**DIRECTIONS**
All of the data, word for word and free of pictures, is the expected result.

**GIVEN INFORMATION**

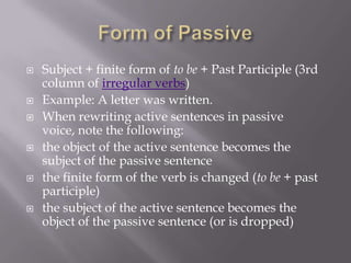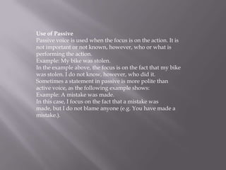 The document discusses the use of passive voice in sentences. Passive voice is used when the focus is on the action rather than the subject performing the action. It provides examples of active and passive voice sentences. The passive voice can make a statement more polite by leaving out the subject responsible for the action. The document also outlines how to change active voice sentences to passive voice by making the object of the active sentence the subject of the passive sentence and using forms of "to be" plus the past participle of the main verb.
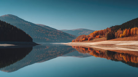 A tranquil autumn landscape featuring vibrant trees reflecting on still water, surrounded by serene mountains under a clear blue sky, perfect for nature lovers.
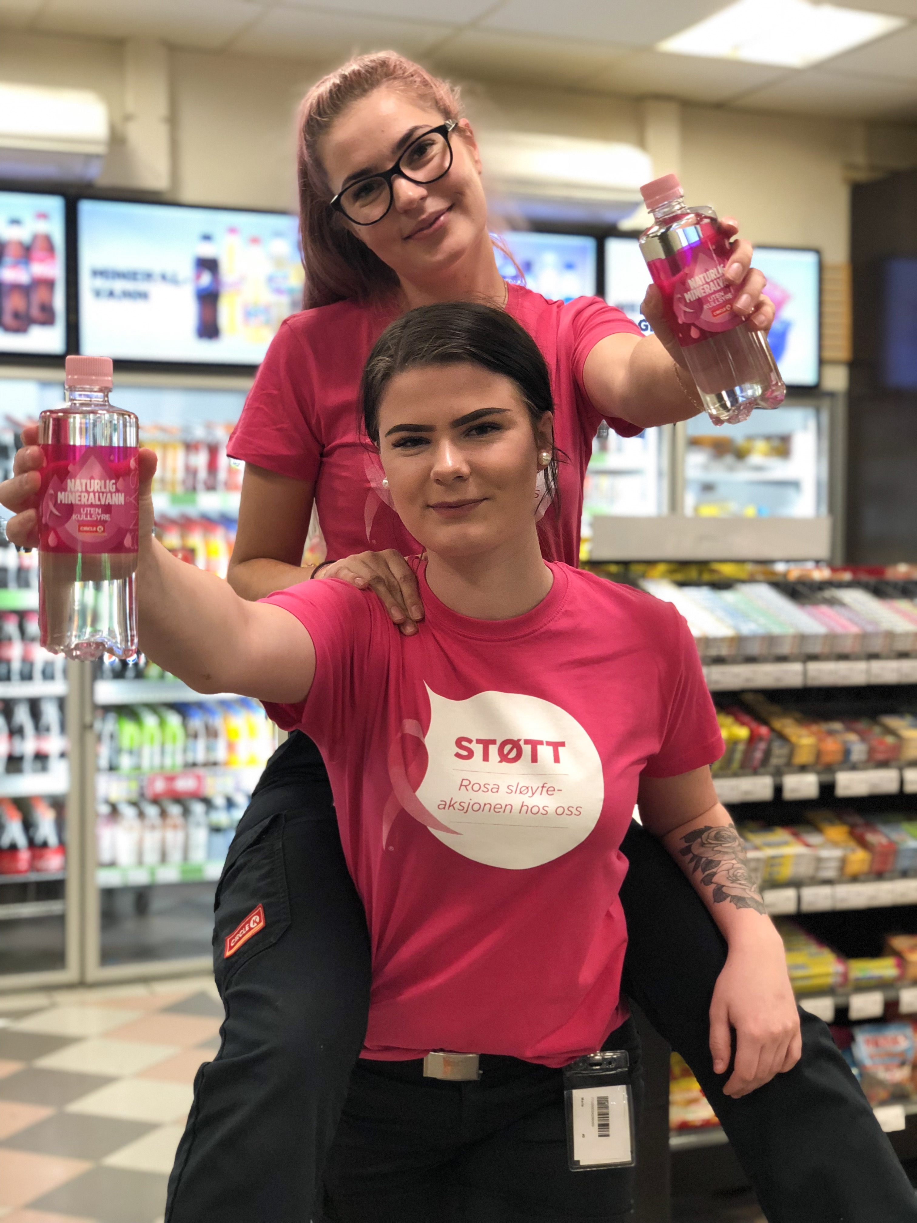 Ansatte på Circle K Fagernes-Narvik byr på rosa vann, spesiallaget for Rosa sløyfe-aksjonen.

**FINAL ANSWER**
 The document discusses the use of passive voice in sentences. Passive voice is used when the focus is on the action rather than the subject performing the action. It provides examples of active and passive voice sentences. The passive voice can make a statement more polite by leaving out the subject responsible for the action. The document also outlines how to change active voice sentences to passive voice by making the object of the active sentence the subject of the passive sentence and using forms of "to be" plus the past participle of the main verb.
 A tranquil autumn landscape featuring vibrant trees reflecting on still water, surrounded by serene mountains under a clear blue sky, perfect for nature lovers.
 Ansatte på Circle K Fagernes-Narvik byr på rosa vann, spesiallaget for Rosa sløyfe-aksjonen.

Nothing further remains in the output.